- Dataset excerpts:
BEGIN

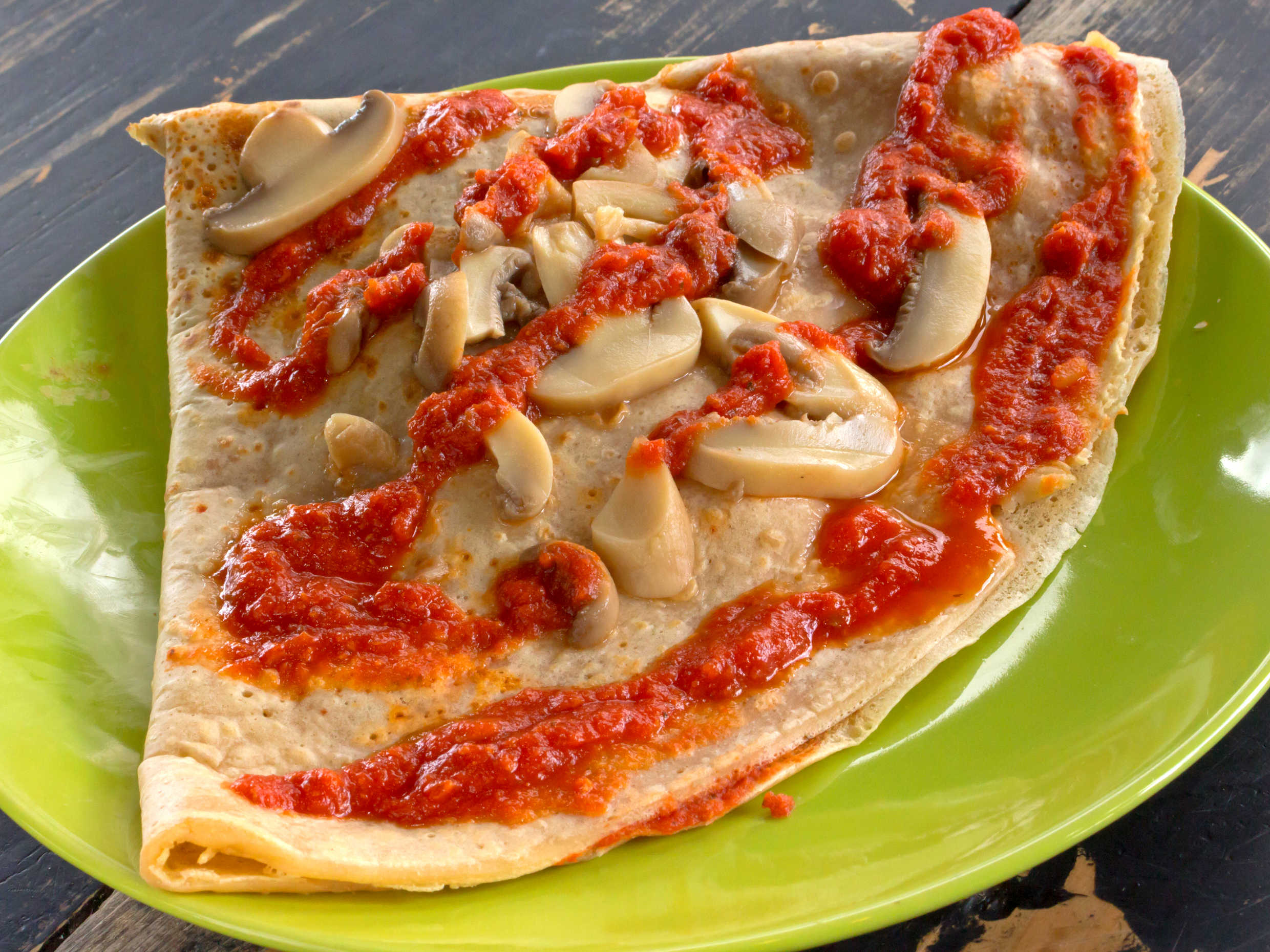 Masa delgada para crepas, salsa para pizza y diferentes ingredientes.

END
BEGIN

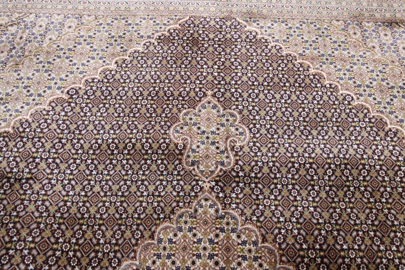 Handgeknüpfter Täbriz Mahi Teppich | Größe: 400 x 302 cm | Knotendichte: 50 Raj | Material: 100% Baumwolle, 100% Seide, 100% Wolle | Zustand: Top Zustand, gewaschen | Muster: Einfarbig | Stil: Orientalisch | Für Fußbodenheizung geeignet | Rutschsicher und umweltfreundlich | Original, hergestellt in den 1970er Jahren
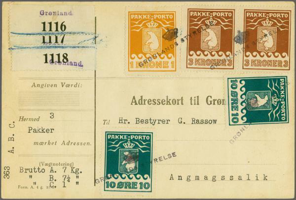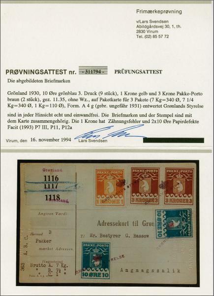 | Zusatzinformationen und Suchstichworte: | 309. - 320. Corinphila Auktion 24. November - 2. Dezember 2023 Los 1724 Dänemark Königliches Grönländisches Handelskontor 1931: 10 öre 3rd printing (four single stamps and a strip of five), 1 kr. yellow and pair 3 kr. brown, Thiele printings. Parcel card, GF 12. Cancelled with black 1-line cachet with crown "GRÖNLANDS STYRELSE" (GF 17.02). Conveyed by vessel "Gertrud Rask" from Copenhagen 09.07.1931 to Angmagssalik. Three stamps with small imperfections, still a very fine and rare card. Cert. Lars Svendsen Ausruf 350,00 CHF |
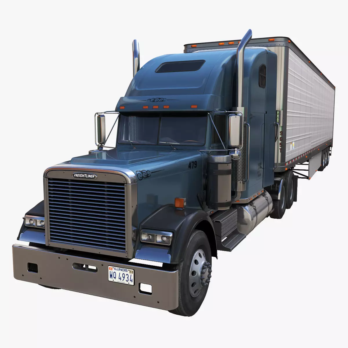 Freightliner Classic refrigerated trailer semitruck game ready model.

END
BEGIN

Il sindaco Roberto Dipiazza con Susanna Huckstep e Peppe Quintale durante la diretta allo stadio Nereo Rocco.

END

- Assigned task:
Skipping every picture, transcribe exactly the lines above from the one containing "Handgeknüpfter Täbriz Mahi" through the one containing "Freightliner Classic refrigerated", both included.

- Solved problem:
 Handgeknüpfter Täbriz Mahi Teppich | Größe: 400 x 302 cm | Knotendichte: 50 Raj | Material: 100% Baumwolle, 100% Seide, 100% Wolle | Zustand: Top Zustand, gewaschen | Muster: Einfarbig | Stil: Orientalisch | Für Fußbodenheizung geeignet | Rutschsicher und umweltfreundlich | Original, hergestellt in den 1970er Jahren
 | Zusatzinformationen und Suchstichworte: | 309. - 320. Corinphila Auktion 24. November - 2. Dezember 2023 Los 1724 Dänemark Königliches Grönländisches Handelskontor 1931: 10 öre 3rd printing (four single stamps and a strip of five), 1 kr. yellow and pair 3 kr. brown, Thiele printings. Parcel card, GF 12. Cancelled with black 1-line cachet with crown "GRÖNLANDS STYRELSE" (GF 17.02). Conveyed by vessel "Gertrud Rask" from Copenhagen 09.07.1931 to Angmagssalik. Three stamps with small imperfections, still a very fine and rare card. Cert. Lars Svendsen Ausruf 350,00 CHF |
 Freightliner Classic refrigerated trailer semitruck game ready model.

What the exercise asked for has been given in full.